■ **Information supplied**
***

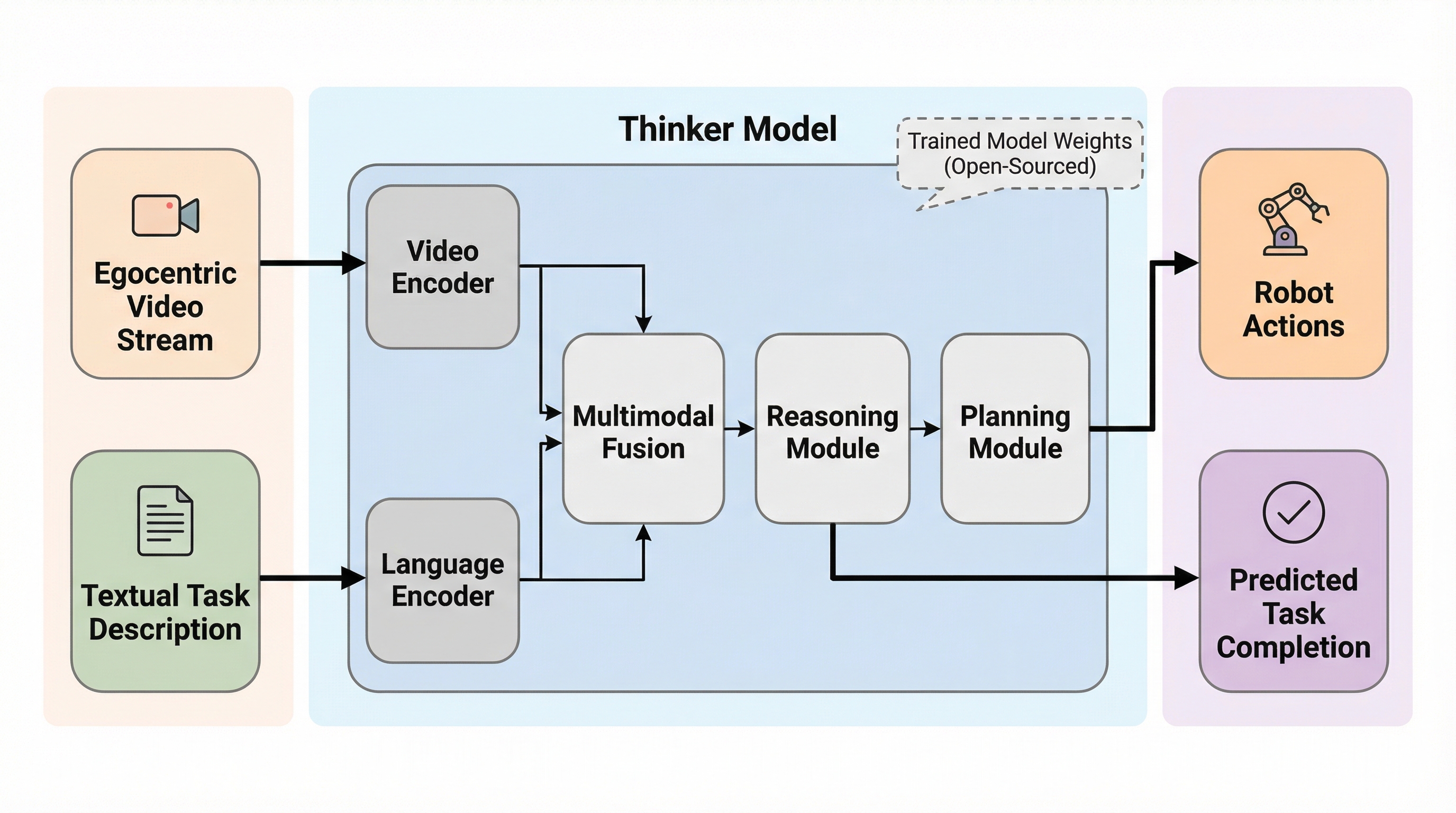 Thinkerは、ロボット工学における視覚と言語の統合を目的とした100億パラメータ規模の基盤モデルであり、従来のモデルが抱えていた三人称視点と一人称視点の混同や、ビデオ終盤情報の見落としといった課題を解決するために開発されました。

***

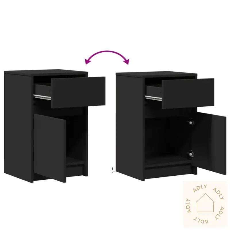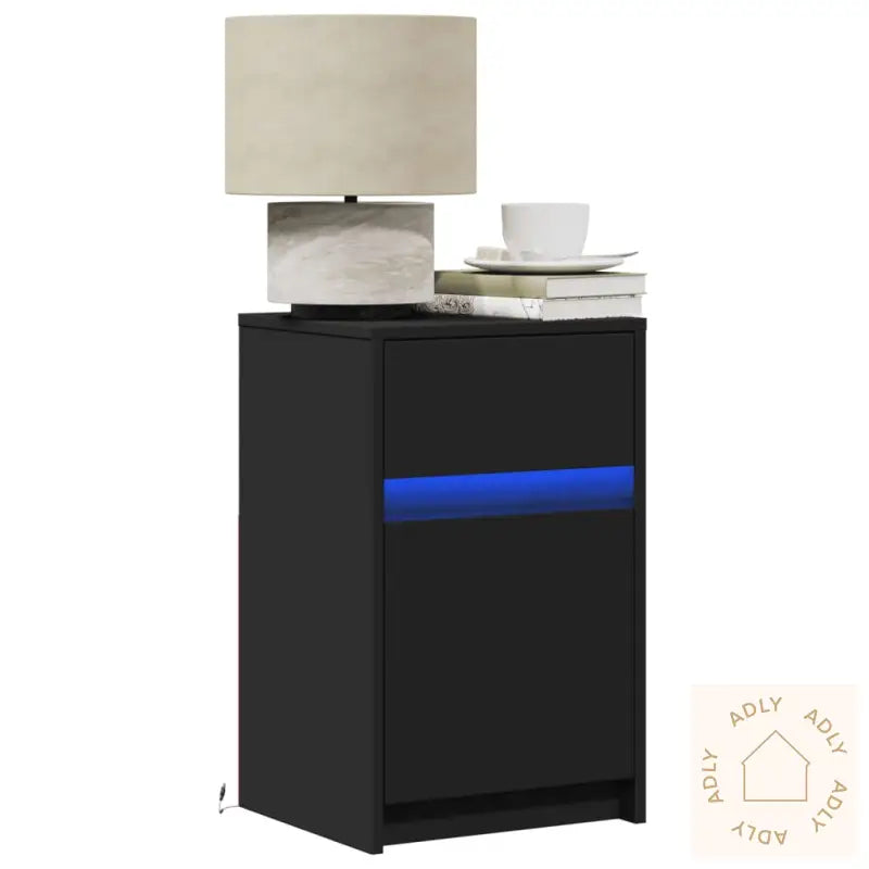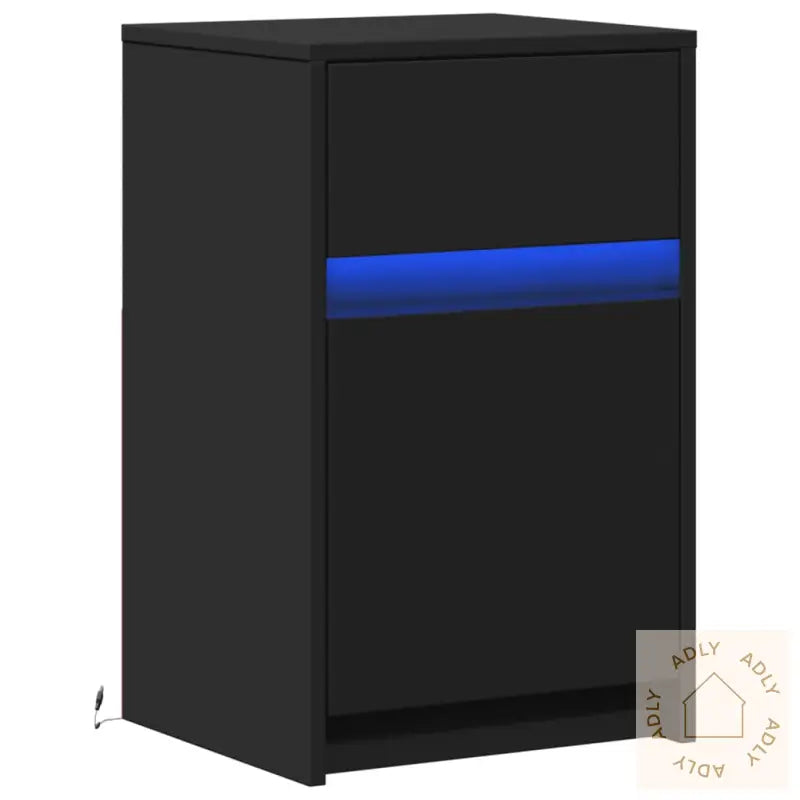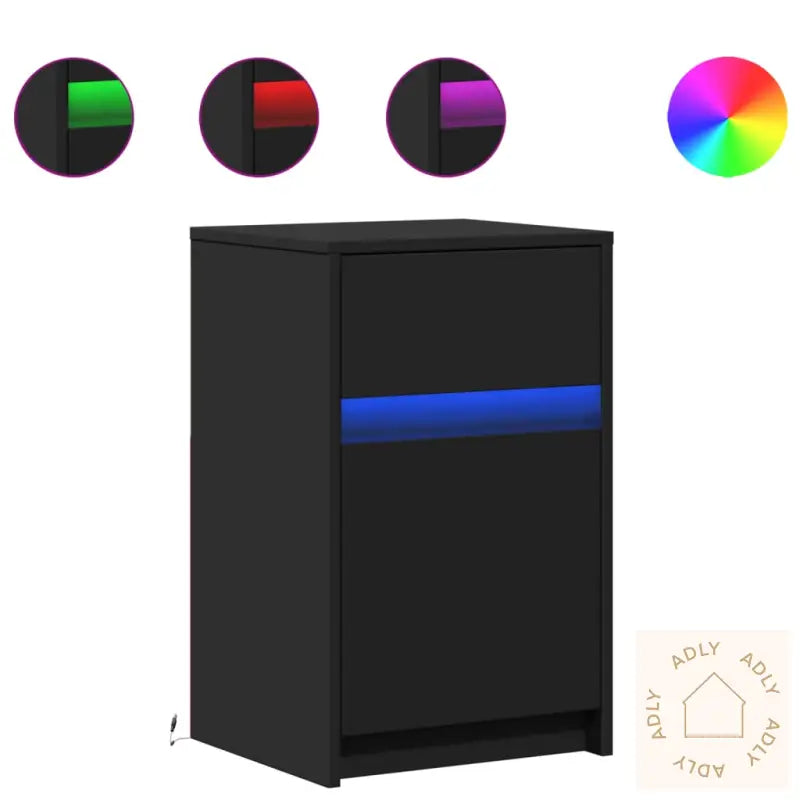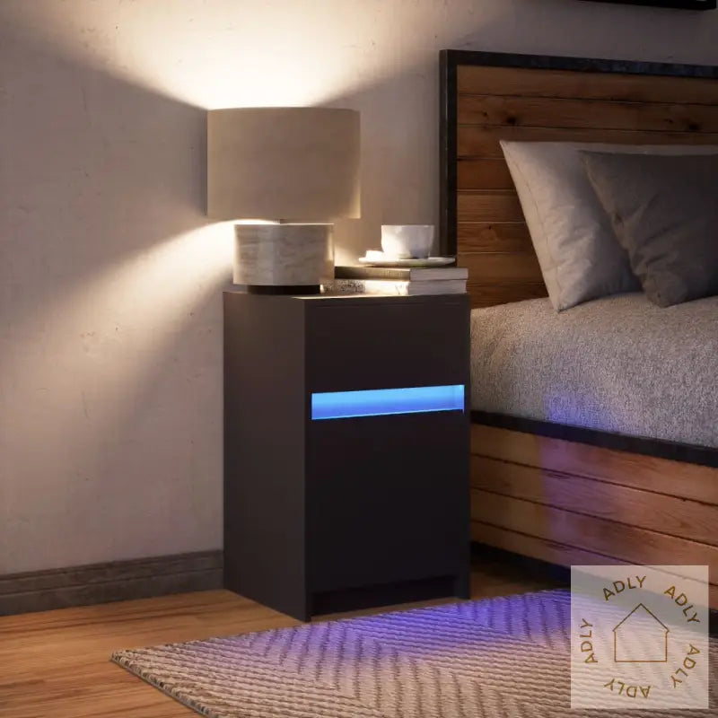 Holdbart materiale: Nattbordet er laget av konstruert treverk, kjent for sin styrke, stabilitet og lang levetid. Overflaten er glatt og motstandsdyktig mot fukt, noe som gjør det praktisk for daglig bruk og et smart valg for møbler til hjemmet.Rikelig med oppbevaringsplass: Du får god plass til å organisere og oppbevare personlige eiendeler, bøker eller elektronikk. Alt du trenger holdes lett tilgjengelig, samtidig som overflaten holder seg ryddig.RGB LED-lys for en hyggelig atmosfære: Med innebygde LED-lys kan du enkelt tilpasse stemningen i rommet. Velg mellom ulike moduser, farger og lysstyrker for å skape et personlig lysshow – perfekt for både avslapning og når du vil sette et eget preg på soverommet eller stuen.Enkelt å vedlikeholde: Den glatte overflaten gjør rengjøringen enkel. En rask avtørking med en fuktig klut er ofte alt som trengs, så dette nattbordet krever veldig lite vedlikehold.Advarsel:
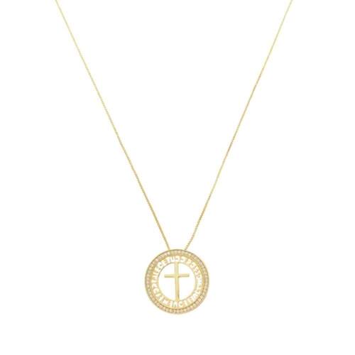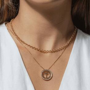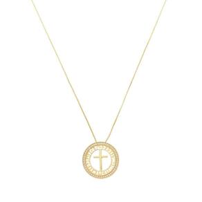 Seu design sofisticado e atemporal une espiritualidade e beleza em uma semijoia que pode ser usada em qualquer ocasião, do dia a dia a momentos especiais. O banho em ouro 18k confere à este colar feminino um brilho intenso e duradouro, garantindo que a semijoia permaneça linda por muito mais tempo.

***

■ **Problem**
Line for line, output the entries above from the line with "Holdbart materiale: Nattbordet" to the line with "Seu design sofisticado", both included, and nothing more. Skip pictures.

■ **The answer**
 Holdbart materiale: Nattbordet er laget av konstruert treverk, kjent for sin styrke, stabilitet og lang levetid. Overflaten er glatt og motstandsdyktig mot fukt, noe som gjør det praktisk for daglig bruk og et smart valg for møbler til hjemmet.Rikelig med oppbevaringsplass: Du får god plass til å organisere og oppbevare personlige eiendeler, bøker eller elektronikk. Alt du trenger holdes lett tilgjengelig, samtidig som overflaten holder seg ryddig.RGB LED-lys for en hyggelig atmosfære: Med innebygde LED-lys kan du enkelt tilpasse stemningen i rommet. Velg mellom ulike moduser, farger og lysstyrker for å skape et personlig lysshow – perfekt for både avslapning og når du vil sette et eget preg på soverommet eller stuen.Enkelt å vedlikeholde: Den glatte overflaten gjør rengjøringen enkel. En rask avtørking med en fuktig klut er ofte alt som trengs, så dette nattbordet krever veldig lite vedlikehold.Advarsel:
 Seu design sofisticado e atemporal une espiritualidade e beleza em uma semijoia que pode ser usada em qualquer ocasião, do dia a dia a momentos especiais. O banho em ouro 18k confere à este colar feminino um brilho intenso e duradouro, garantindo que a semijoia permaneça linda por muito mais tempo.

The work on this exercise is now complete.